I guess... are you saying the big question for them isn't so much the big long contracts, it's finding those next decade players to transition in? This is true- it's much hard to sign young talent as a free agent, because they won't be FA eligible until they've been around a while, and can command a high salary. Still, the Yankees are simply not going to give their fans 2-3 years of "rebuilding". They can afford to weather the pricy long-term contracts and patchwork in decidedly short-term contracts of known veterans (such as Youk and likely Ichiro) until their future 1.0+ WAR players and spattering of All-Stars come up through the farm system at each position. I want them to fail of course, since I'm a Boston fan, but that kind of wealth gives you a lot of options; you can make a quiet mandate to stop pursuing the big money free agents, but still allow yourself the indulgence of a an expensive but safely short-term filler. I don't expect the Yankees to go anywhere in the AL East, and still be a 90+ win team or better every year.

posted by hincandenza at 04:35 AM on December 13

Incidentally I've mentioned WAR a lot in the above comments, even though I have plenty of reservations about it; for example, why is Ichiro listed as a net negative defender for several years now?

I know he's lost a step since his younger years, and it seems like the fire went out of him for those last few years in Seattle when they were playing for nothing... but I find it completely implausible to suppose that he went from the cavernous SafeCo, where he was still apparently 0.9 WAR defensively in 95 games, to the much smaller RF of Yankee Stadium and managed to be -1.1 WAR defensively in just over a third of a season. It's why I continue to have reservations about how accurate WAR is (not just how precise).

posted by hincandenza at 04:47 AM on December 13

The defensive component for WAR hasn't really been established properly in my mind. Fangraphs and Baseball-Reference use two different calculations, so that's why their total values for players are different.
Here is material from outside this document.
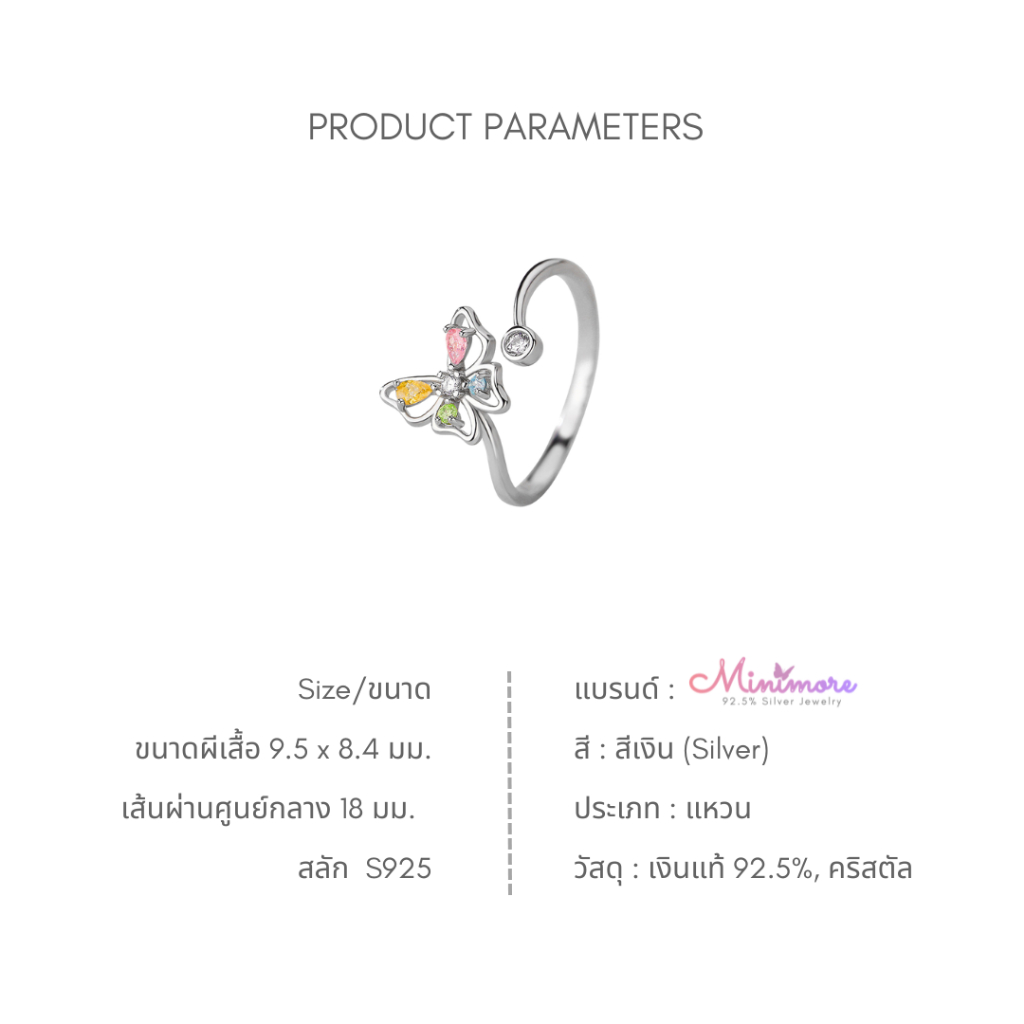 [R212]แหวนเงินแท้ 92.5% "Aurora Papillon Set" ดีไซน์ปีกผีเสื้อ เสริมโชค แถมกล่องจิวเวอรี่ ใบรับประกัน

If you look at the 2012 Fangraphs WAR leaders, and compare it to the 2012 BBRef WAR leaders, you'll notice that the numbers rarely match up.

Especially in small sample sizes (half-seasons), I tend to take the defensive values with a boulder of salt.
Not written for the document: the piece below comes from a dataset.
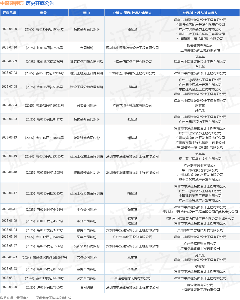 案号:(2025)粤0115民初5515号审理法院:广州市南沙区人民法院案由:建设工程分包合同纠纷当事人信息: 原告/上诉人:揭某某 被告/被上诉人:深圳市中深建装饰设计工程有限公司、广州市忠鼎装饰工程有限公司、中国建筑第五工程局有限公司、广州隽业房地产开发有限公司开庭日期:2025年6月17日根据统计,近一年内以深圳市中深建装饰设计工程有限公司为当事人的历史开庭公告有122则,其中案由为“装饰装修合同纠纷”的公告以25则居首,其次为“买卖合同纠纷”有22则,“建设工程施工合同纠纷”有19则。历史开庭公告(前20条)如下:

posted by grum@work at 08:21 AM on December 13

Not me, bill. My contribution wasn't enough to get us over the $500 mark, though I'm glad we made it.

posted by 86 at 10:21 AM on December 13

Youk is a great defender

I think you're overestimating his defensive ability. He was never great at 3rd, and I wouldn't be surprised if he's average or a little below at this point in his career.

posted by justgary at 01:45 PM on December 13

He was decent at third before the injuries and he's a good defender at first. But yeah, "great" isn't how I would have described his play at third: it always looked like a triumph of effort over ability. Which is not to run him down: I loved him as a Red Sox player at both corner positions and I wish he was still a productive player in Boston. Boggs and Youk. I wonder if the Yankees ever kicked the tires on Scott Cooper. Shea Hillenbrand?

posted by yerfatma at 03:19 PM on December 13

hincandenza is correct about the Yankees needing half a season out of Youkilis, and judging by the past few seasons, that's about all he will be able to give them. He has been pretty well beaten up, mostly by his hard-nosed style of play, and his body shows the result. I've always been a bit of a Youk fan, and despite my Boston roots, I hope he succeeds in NY.

His appearances in pinstripes at Fenway should be interesting. Will the fans boo or cheer. Of course, if they boo, who will be able to tell?

The bit about not being able to tell the boo from the Yooooouuuuk is not original. I read or heard it somewhere.